▸ Exercise details
Going from the top of the data below, give again each line through the one containing "Der Fackelkopf besteht", both ends kept.

▸ Given data
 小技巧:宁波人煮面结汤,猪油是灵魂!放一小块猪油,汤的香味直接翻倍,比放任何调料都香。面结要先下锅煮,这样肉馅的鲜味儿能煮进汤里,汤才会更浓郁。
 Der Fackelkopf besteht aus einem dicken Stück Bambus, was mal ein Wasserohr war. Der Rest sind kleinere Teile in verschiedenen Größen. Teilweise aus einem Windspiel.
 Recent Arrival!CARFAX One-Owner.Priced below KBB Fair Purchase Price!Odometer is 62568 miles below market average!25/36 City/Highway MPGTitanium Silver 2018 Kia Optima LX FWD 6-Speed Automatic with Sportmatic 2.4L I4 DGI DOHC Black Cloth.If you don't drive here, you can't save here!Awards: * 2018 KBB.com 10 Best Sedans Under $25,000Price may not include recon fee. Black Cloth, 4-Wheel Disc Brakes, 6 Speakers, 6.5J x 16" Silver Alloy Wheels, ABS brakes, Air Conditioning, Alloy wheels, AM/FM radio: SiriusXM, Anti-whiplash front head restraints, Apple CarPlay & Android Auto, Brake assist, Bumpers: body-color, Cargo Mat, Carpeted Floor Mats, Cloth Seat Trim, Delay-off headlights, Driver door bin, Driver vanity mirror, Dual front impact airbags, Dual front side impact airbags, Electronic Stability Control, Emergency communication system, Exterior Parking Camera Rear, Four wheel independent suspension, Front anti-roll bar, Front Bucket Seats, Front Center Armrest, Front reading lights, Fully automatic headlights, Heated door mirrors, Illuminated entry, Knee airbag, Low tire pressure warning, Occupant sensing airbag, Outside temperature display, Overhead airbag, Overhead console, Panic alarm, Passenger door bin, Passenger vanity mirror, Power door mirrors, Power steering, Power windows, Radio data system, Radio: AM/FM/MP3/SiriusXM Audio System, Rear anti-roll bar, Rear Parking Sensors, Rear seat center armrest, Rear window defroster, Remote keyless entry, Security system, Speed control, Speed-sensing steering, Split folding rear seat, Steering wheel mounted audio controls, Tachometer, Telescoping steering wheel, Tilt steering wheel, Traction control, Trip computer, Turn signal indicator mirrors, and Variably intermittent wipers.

▸ Response below
 小技巧:宁波人煮面结汤,猪油是灵魂!放一小块猪油,汤的香味直接翻倍,比放任何调料都香。面结要先下锅煮,这样肉馅的鲜味儿能煮进汤里,汤才会更浓郁。
 Der Fackelkopf besteht aus einem dicken Stück Bambus, was mal ein Wasserohr war. Der Rest sind kleinere Teile in verschiedenen Größen. Teilweise aus einem Windspiel.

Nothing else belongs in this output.